Records for the exercise =
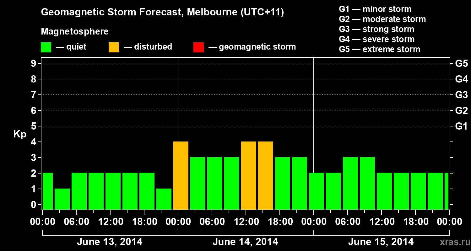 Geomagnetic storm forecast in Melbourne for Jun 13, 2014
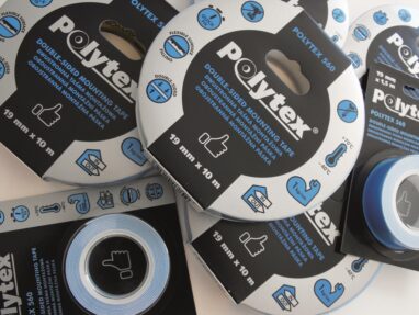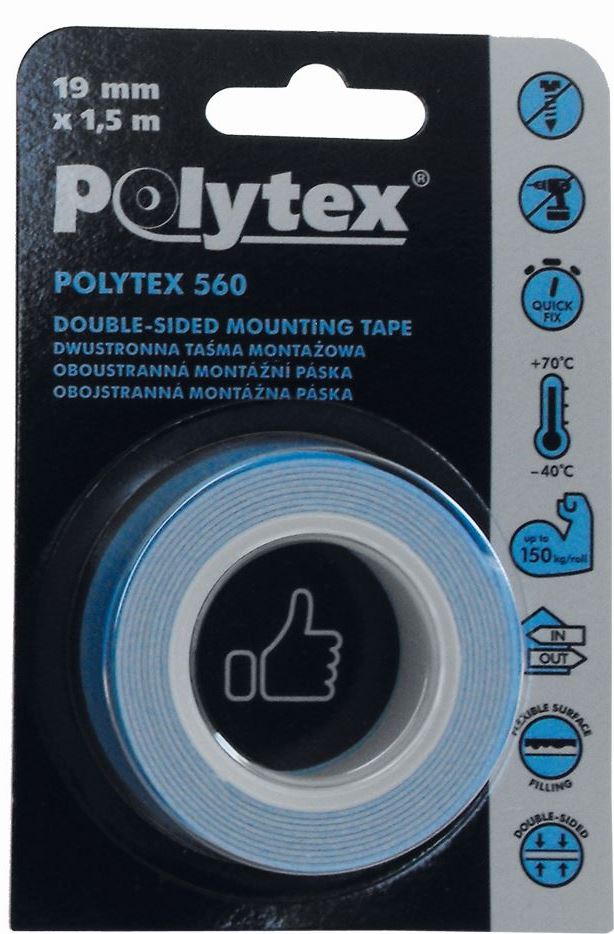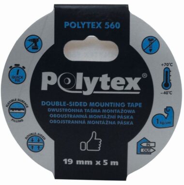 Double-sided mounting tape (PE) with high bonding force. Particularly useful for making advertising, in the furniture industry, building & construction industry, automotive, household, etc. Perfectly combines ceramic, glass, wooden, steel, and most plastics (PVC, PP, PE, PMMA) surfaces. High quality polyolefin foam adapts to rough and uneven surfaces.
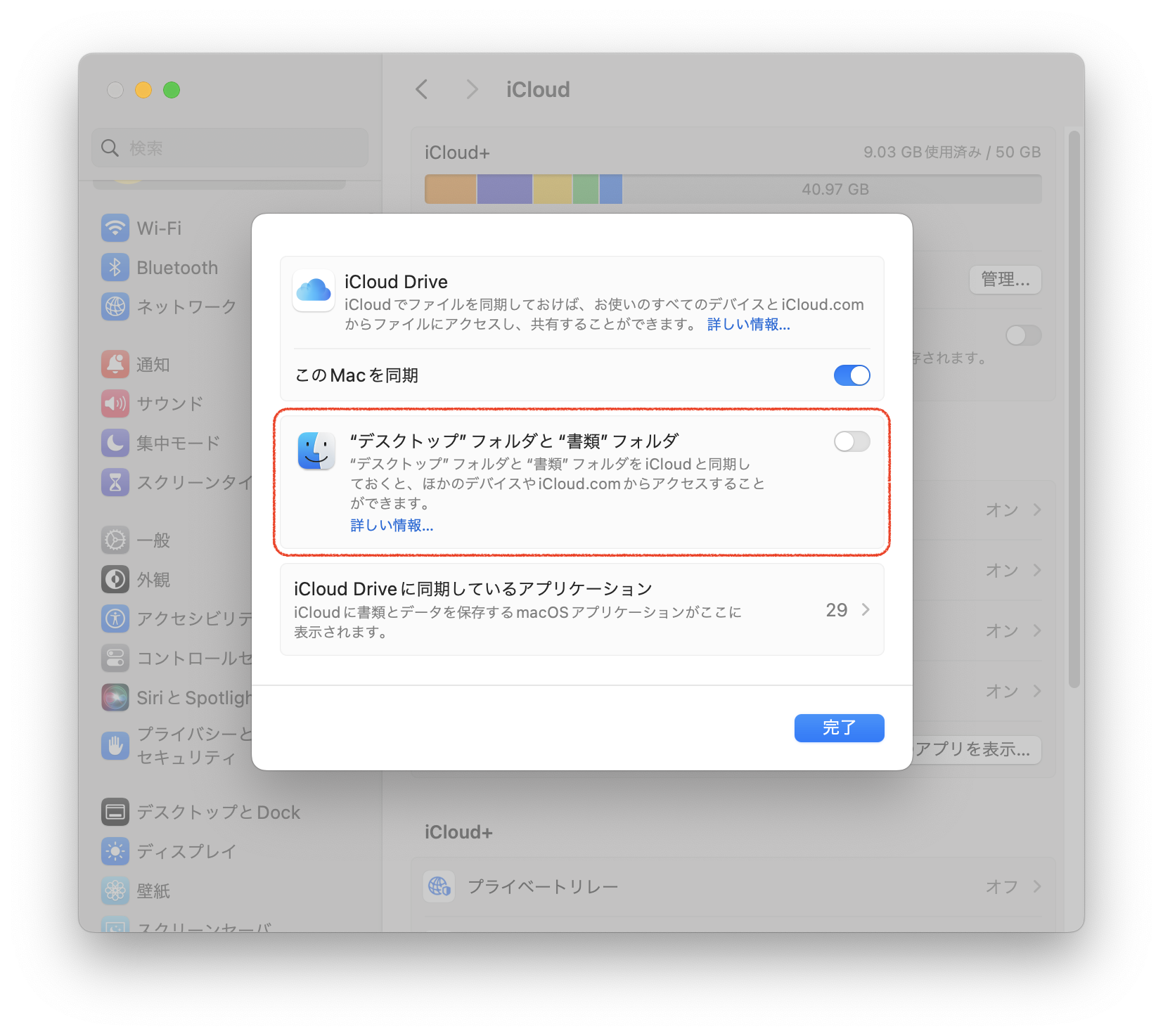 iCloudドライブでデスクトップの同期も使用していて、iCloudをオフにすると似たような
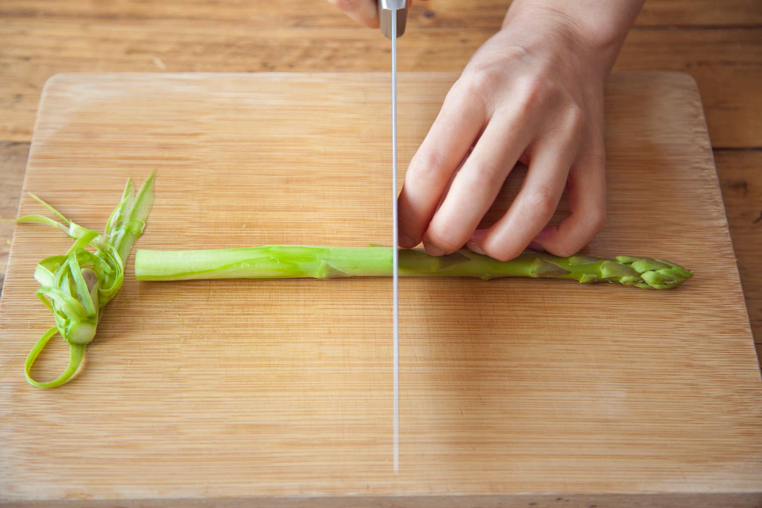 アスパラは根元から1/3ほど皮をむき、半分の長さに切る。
==
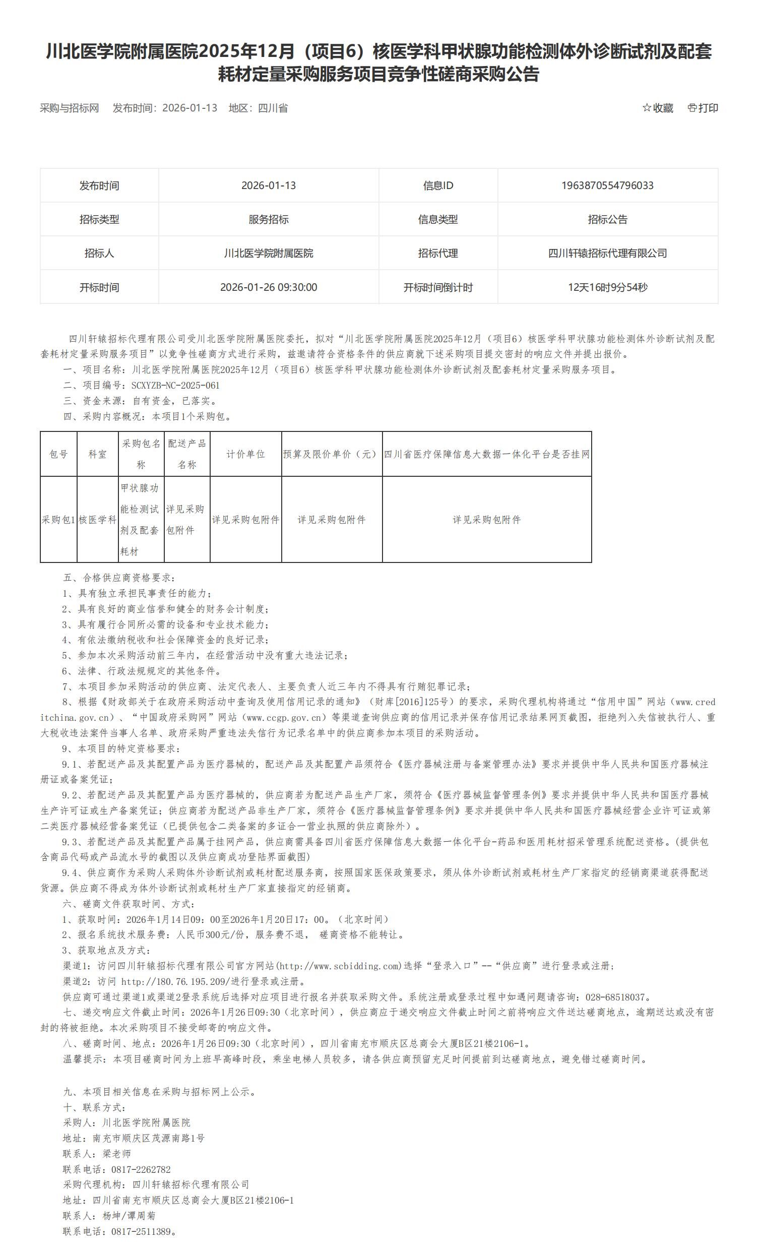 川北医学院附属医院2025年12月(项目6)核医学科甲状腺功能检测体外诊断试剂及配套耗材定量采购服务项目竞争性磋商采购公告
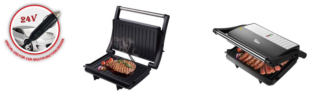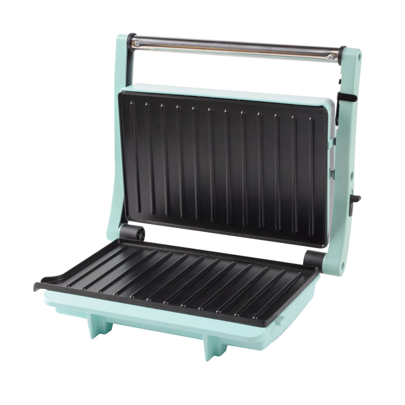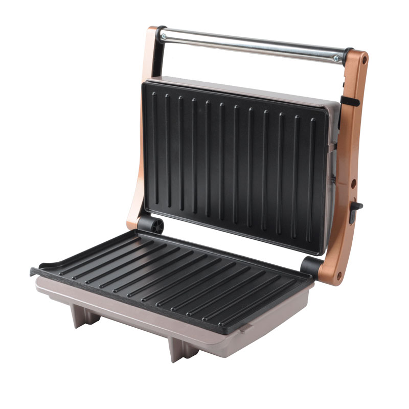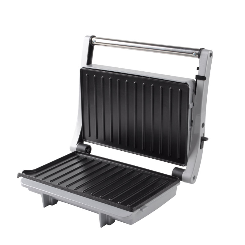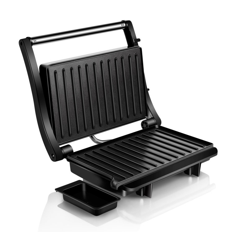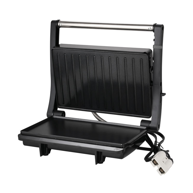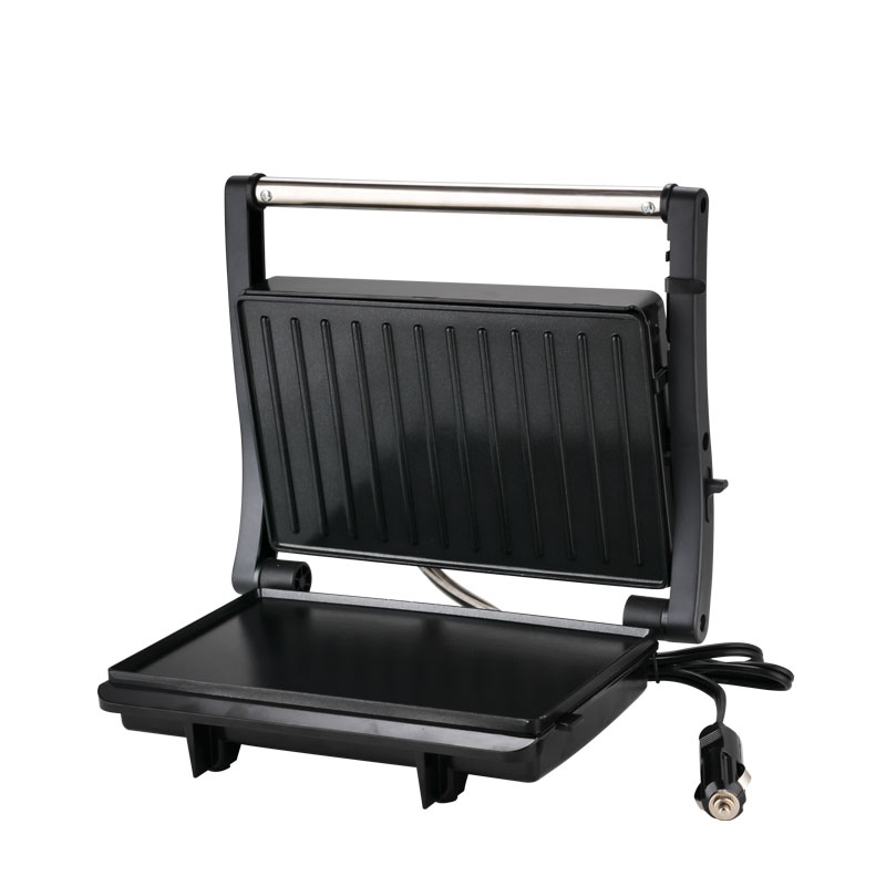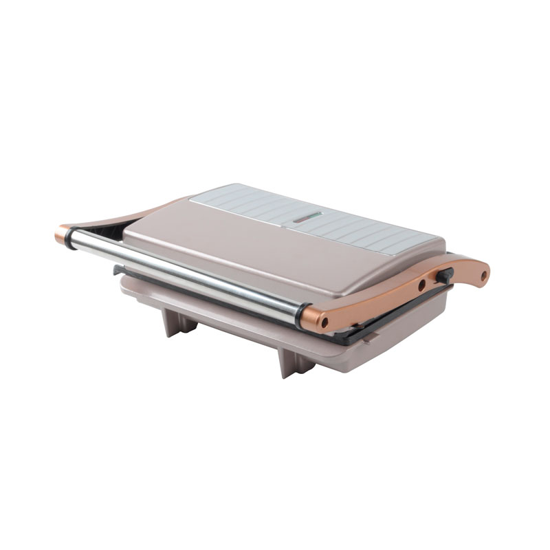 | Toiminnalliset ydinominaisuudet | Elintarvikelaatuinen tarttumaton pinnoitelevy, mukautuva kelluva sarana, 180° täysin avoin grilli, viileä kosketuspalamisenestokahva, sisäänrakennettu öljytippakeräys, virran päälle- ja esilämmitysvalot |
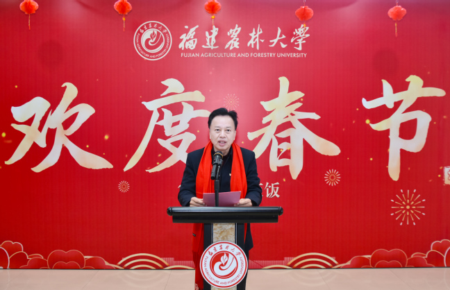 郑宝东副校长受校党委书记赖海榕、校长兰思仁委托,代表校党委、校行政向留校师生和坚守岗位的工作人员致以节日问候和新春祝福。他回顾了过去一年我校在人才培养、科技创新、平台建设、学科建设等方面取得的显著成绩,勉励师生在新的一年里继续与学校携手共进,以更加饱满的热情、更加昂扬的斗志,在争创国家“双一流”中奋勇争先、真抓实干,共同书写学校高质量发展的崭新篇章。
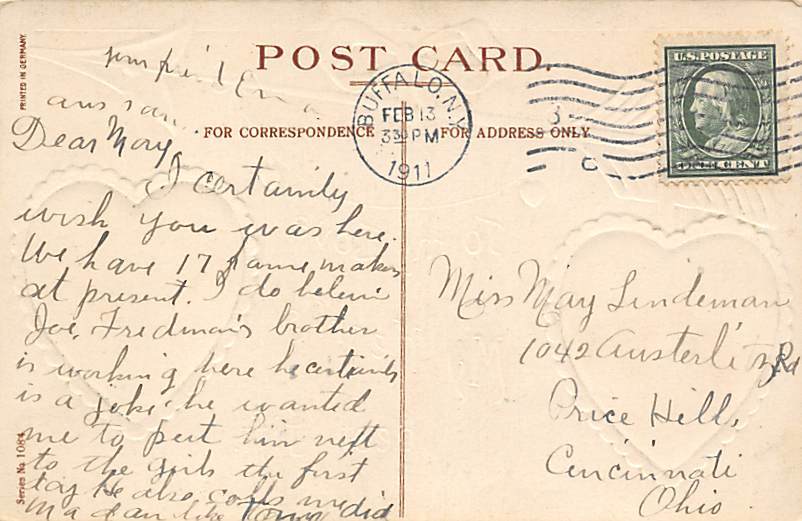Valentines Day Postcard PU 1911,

Work instructions =
Those lines of the records above that run from the one containing "iCloudドライブでデスク" through the one containing "アスパラは根元から1/3ほど皮をむき、半分の長さに切る。" should be returned exactly, with no pictures among them.

Reply to the exercise =
 iCloudドライブでデスクトップの同期も使用していて、iCloudをオフにすると似たような
 アスパラは根元から1/3ほど皮をむき、半分の長さに切る。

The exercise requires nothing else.